**The problem:** Data follows below. Repeat exactly the lines between the line holding "6.《望洞庭》:洞庭湖、月光、君山等 《山行》:对秋天的喜爱与赞美之情 《夜书所见》:思乡之情" and the line holding "La mesa TOWER", inclusive, and nothing more; drop pictures.

**Extracted material:**
________________________

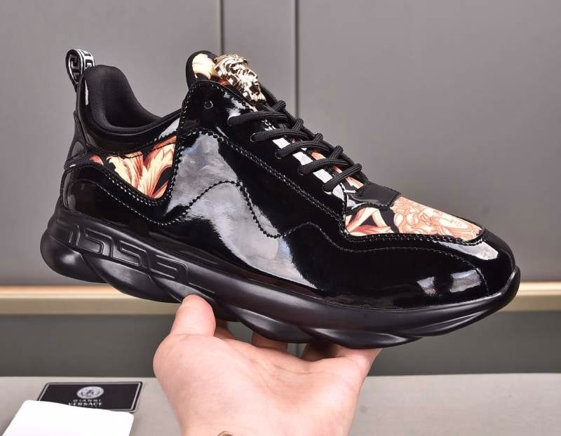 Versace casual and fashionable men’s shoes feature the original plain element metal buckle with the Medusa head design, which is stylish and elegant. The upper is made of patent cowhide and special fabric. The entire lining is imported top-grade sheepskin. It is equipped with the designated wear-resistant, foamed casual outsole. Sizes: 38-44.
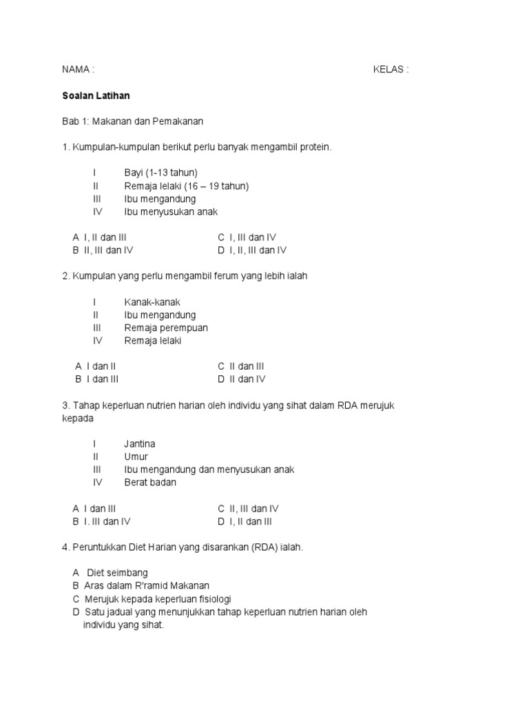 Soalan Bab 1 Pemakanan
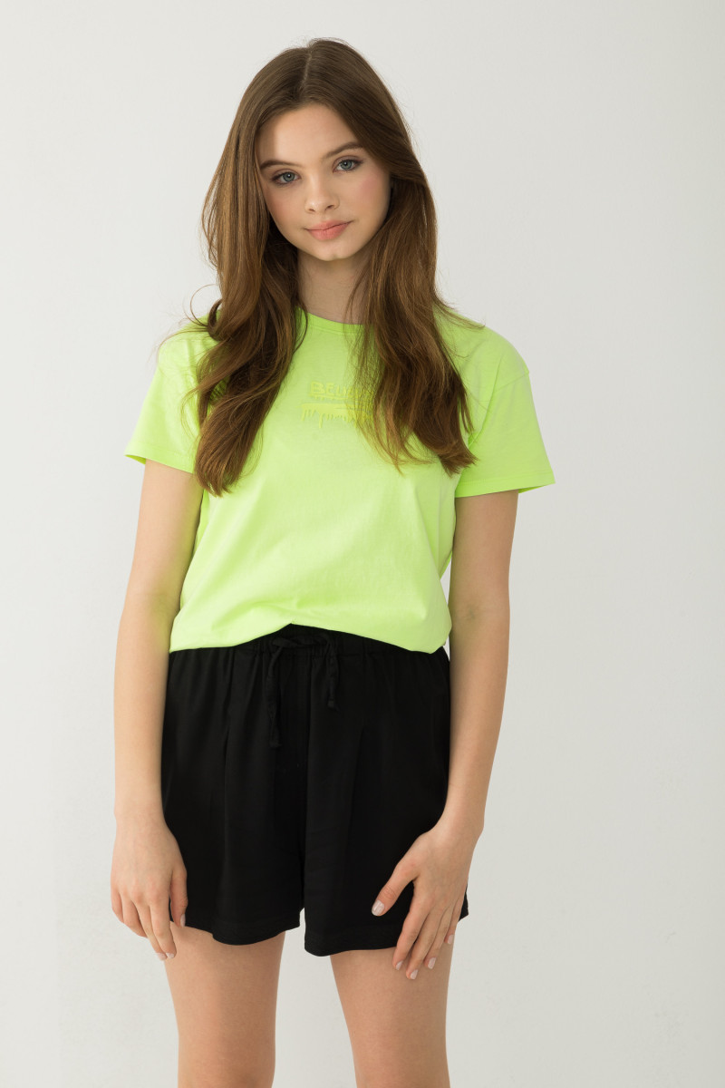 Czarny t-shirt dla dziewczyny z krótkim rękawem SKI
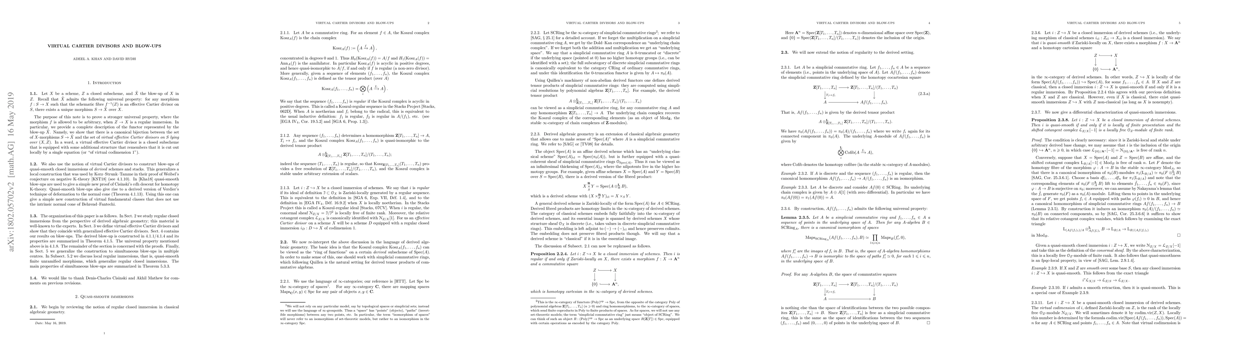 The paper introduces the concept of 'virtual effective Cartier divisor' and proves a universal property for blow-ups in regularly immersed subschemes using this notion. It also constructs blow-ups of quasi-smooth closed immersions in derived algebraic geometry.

________________________

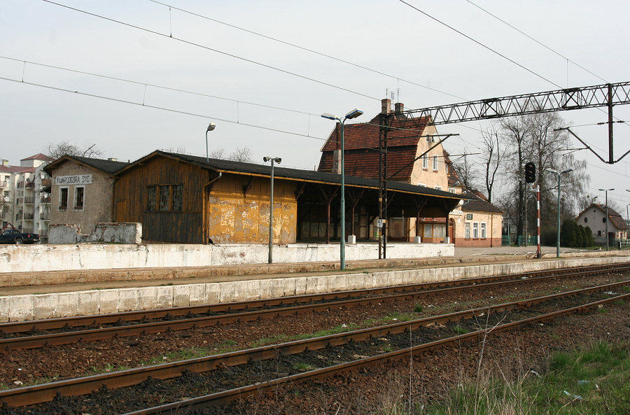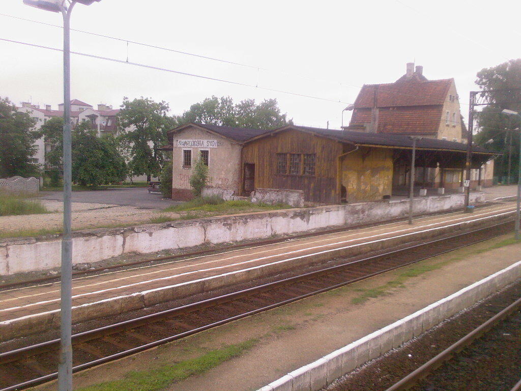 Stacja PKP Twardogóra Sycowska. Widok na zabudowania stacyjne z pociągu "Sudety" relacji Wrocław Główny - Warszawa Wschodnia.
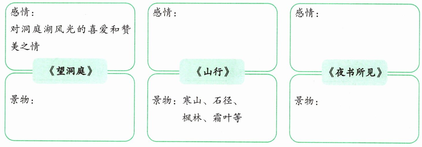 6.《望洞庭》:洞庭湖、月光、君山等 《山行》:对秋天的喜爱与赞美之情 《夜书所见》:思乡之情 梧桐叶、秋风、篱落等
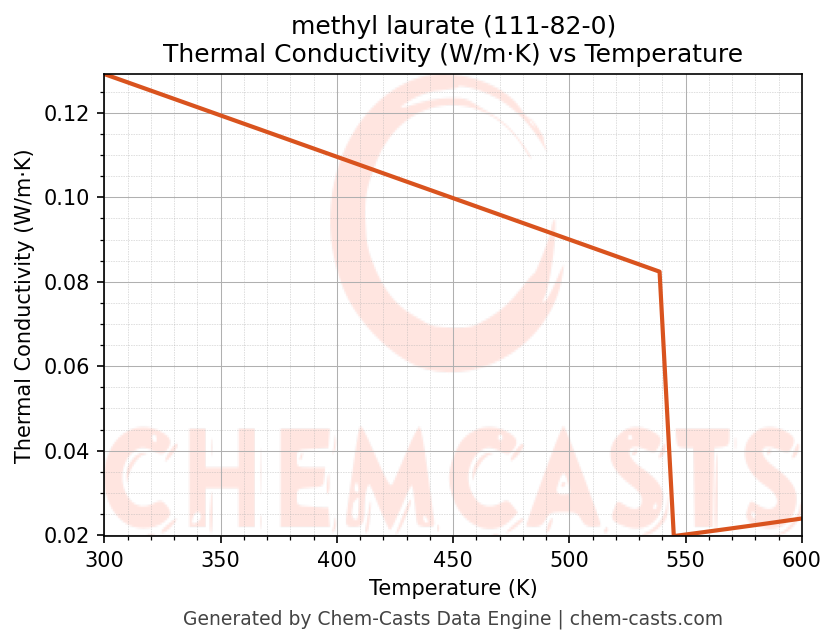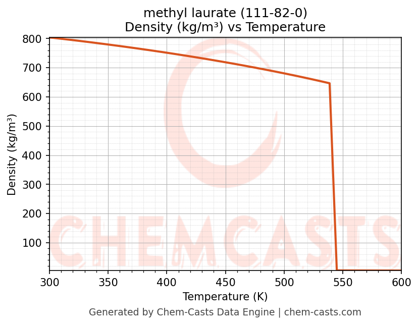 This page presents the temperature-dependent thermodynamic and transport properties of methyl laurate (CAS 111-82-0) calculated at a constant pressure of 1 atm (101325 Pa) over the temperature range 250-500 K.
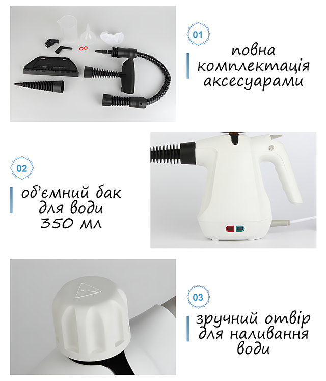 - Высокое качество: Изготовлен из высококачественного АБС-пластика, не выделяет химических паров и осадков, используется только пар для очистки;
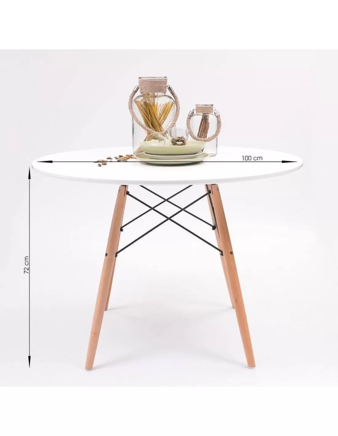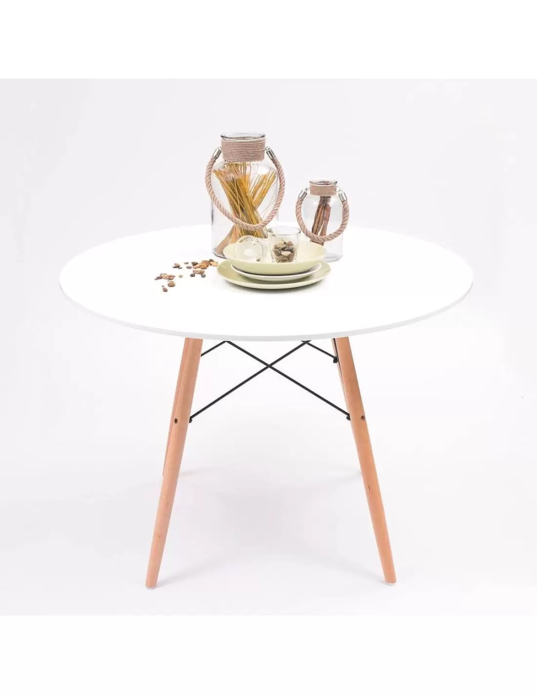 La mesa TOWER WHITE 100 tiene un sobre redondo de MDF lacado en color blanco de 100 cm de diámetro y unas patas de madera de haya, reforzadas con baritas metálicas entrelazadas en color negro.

________________________

**Output:**
 6.《望洞庭》:洞庭湖、月光、君山等 《山行》:对秋天的喜爱与赞美之情 《夜书所见》:思乡之情 梧桐叶、秋风、篱落等
 This page presents the temperature-dependent thermodynamic and transport properties of methyl laurate (CAS 111-82-0) calculated at a constant pressure of 1 atm (101325 Pa) over the temperature range 250-500 K.
 - Высокое качество: Изготовлен из высококачественного АБС-пластика, не выделяет химических паров и осадков, используется только пар для очистки;
 La mesa TOWER WHITE 100 tiene un sobre redondo de MDF lacado en color blanco de 100 cm de diámetro y unas patas de madera de haya, reforzadas con baritas metálicas entrelazadas en color negro.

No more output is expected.